Alexander Makogonov est un personnage étonnant. Fréquemment invité à s’exprimer sur les ondes, le porte-parole de l’ambassade de Russie en France tord ou dissimule les faits de la guerre en Ukraine avec une constance remarquable. N’hésitant pas, preuves sous les yeux, à nier les massacres, son attitude met en difficulté les journalistes les plus chevronnés : quelle réalité opposer à celui qui nie le réel ?
Certes, la propagande est le trait classique d’un régime dont la fuite en avant criminelle impose d’aller toujours plus loin dans le mensonge. Mais le cas de Makogonov dit quelque chose d’autre. Il parle de la lutte qui se joue entre nos démocraties libérales -dont les principes de transparence et de vérité sont le ciment des liens politiques- et la Russie de Poutine. Alors que du temps de l’URSS et de la doctrine Jdanov il était possible de mentir au peuple en lui cachant les faits, l’agora numérique des réseaux sociaux peut aujourd’hui révéler le mensonge, de manière quasi instantanée. Et pourtant celui-ci se diffuse, sur fond de défiance envers les politiques, les journalistes et plus largement envers les institutions. Cette pente est dangereuse et nous en connaissons bien l’issue possible : la victoire idéologique et politique des extrêmes.

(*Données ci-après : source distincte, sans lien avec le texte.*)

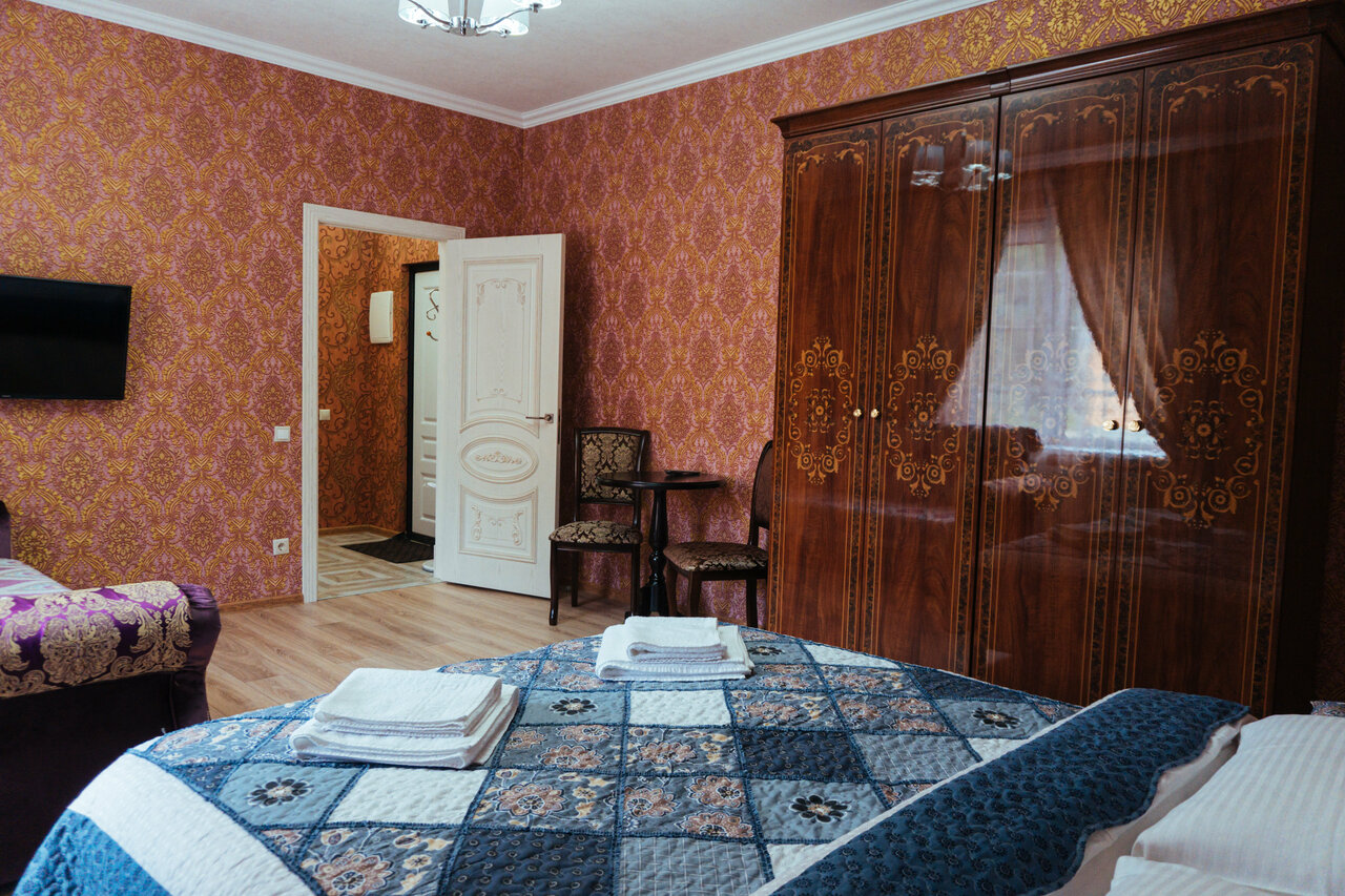Замечательное место! В самом центре Аксая, удобно добираться и в Ростов, и в ближние населённые пункты. Внутри чисто, персонал приветливый, номера шикарные, все как на картинках. Жил в апартаментах: двуспальная кровать, диван, шкаф, столик, два телевизора, кухонный стол, гарнитур, плитка, холодильник, душ — все супер!
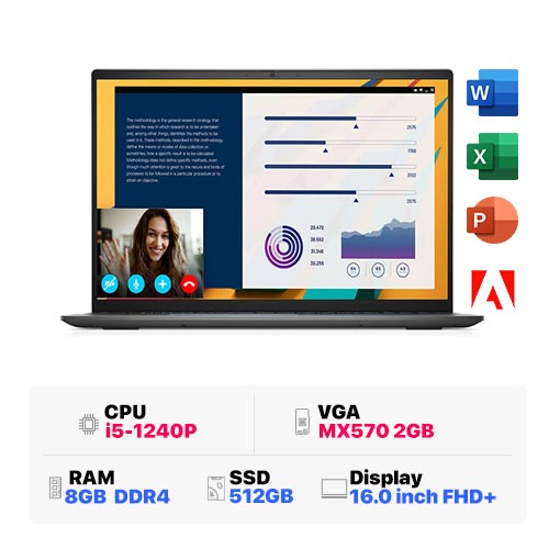 Sở hữu bộ vi xử lý với chip Intel core i5-1240P thuộc thế hệ chip thứ 12 cho 12 nhân 16 luồng với tốc độ xung nhịp lên đến 4.40 GHz, bộ nhớ đệm 12MB cho hiệu năng mạnh , xử lý đa tác vụ mượt mà và trơn tru giúp máy vận hành tốt các nhu cầu lướt web, xem phim, nghe nhạc, xử lý các công việc văn phòng nhanh chóng. Đi kèm với nó là card rời NVIDIA GeForce MX 570 2GB trên laptop Dell giúp máy có khả năng xử lý tốt các tác vụ đồ họa trong Adobe Photoshop, AI,....hay dựng phim trong.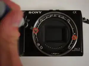 С фронтальной стороны камеры снимите четыре серебристых винта #00 с металлического байонета объектива.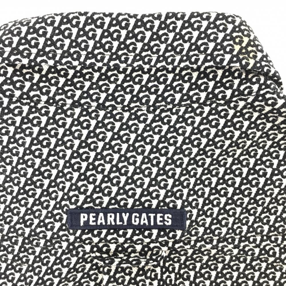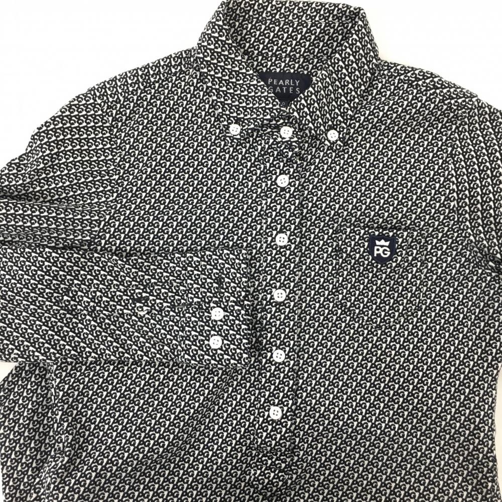 パーリーゲイツ 長袖ポロシャツ 白×ダークネイビー ロゴ総柄 ボタンダウン レディース 0(S) ゴルフウェア PEARLY GATES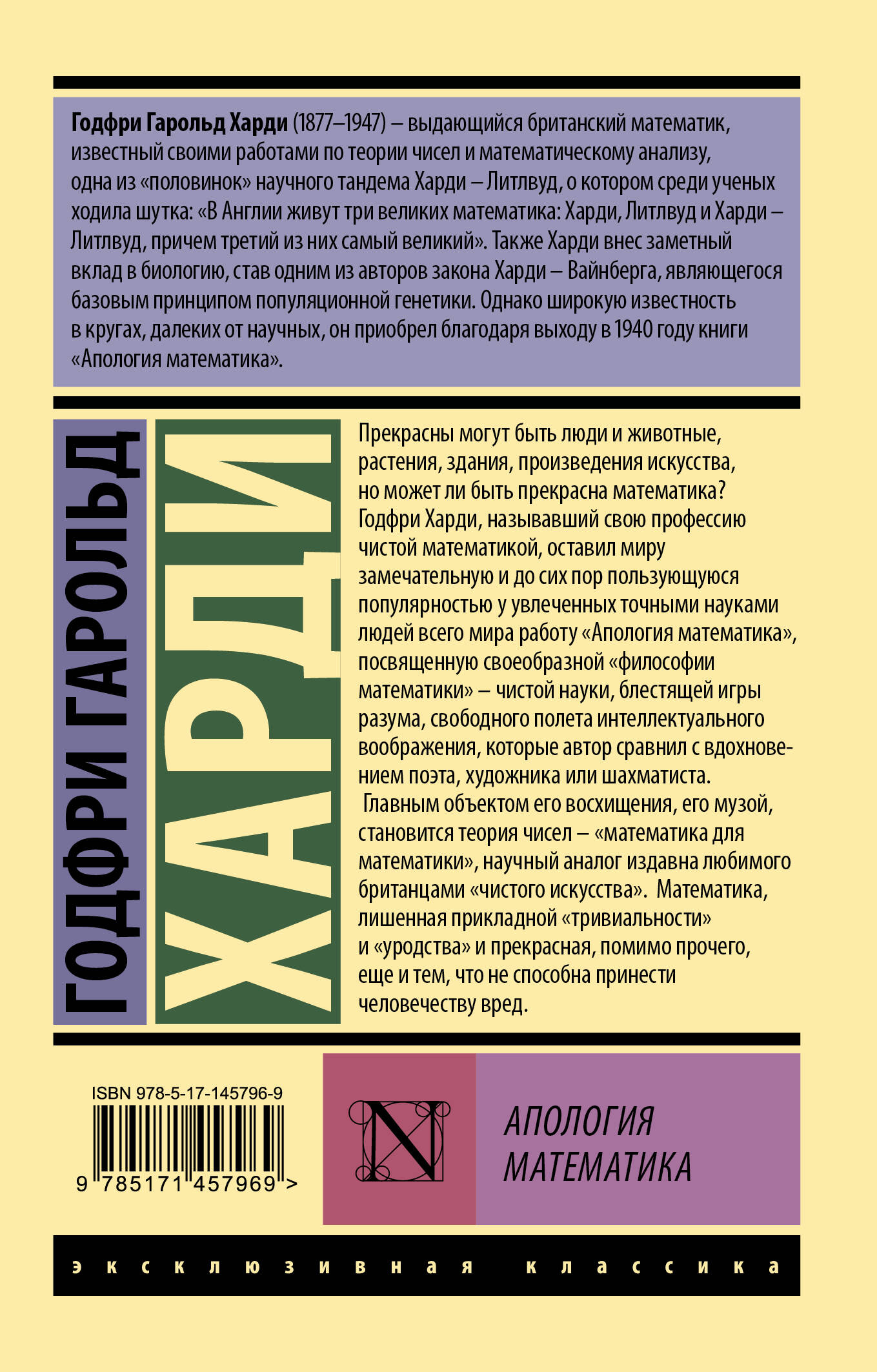 Прекрасны могут быть люди и животные, растения, здания, произведения искусства, -но может ли быть прекрасна математика? Годфри Харди, называвший свою профессию "чистой математикой", оставил миру замечательную и до сих пор пользующуюся популярностью у увлеченных точными науками людей всего мира работу "Апология математика", посвященную своеобразной "философии математики" - чистой науки, блестящей игры разума, свободного полета интеллектуального воображения, которые автор сравнил с вдохновением поэта, художника или шахматиста. Главным объектом его восхищения, его музой, становится теория чисел - "математика для математики", научный аналог издавна любимого британцами "чистого искусства". Математика, лишенная прикладной "тривиальности" и "уродства" и прекрасная, помимо прочего, еще и тем, что не способна принести человечеству вред.| Издательство | ИЗДАТЕЛЬСТВО "АСТ" |

Face aux mensonges sur lesquels prospèrent les populismes, que faire ? Réapprendre à douter, paradoxalement. C’est-à-dire tracer une frontière claire entre la recherche honnête de la vérité et le complotisme, sa version falsifiée. Le bon doute est inquiet, défend des thèses tout en restant ouvert aux arguments de l’autre. Le mauvais doute ne supporte aucune contradiction et n’est pas étayé par des faits. Le premier est le fondement de la démarche scientifique, le second celui du complotisme.
Ce combat sera long et difficile, mais j’ai la conviction qu’il peut être gagné. Promouvoir partout la curiosité scientifique. Eveiller nos enfants à la notion de causalité, en les invitant à tâtonner de façon ludique comme savent le faire nombre d’enseignants. Préférer toujours la rigueur du doute à la paresse de la confirmation.
Pour défendre la démocratie nous avons besoin de devenir les animaux politiques que réclame notre époque. Cela implique de retrouver le goût des faits et de la vérité.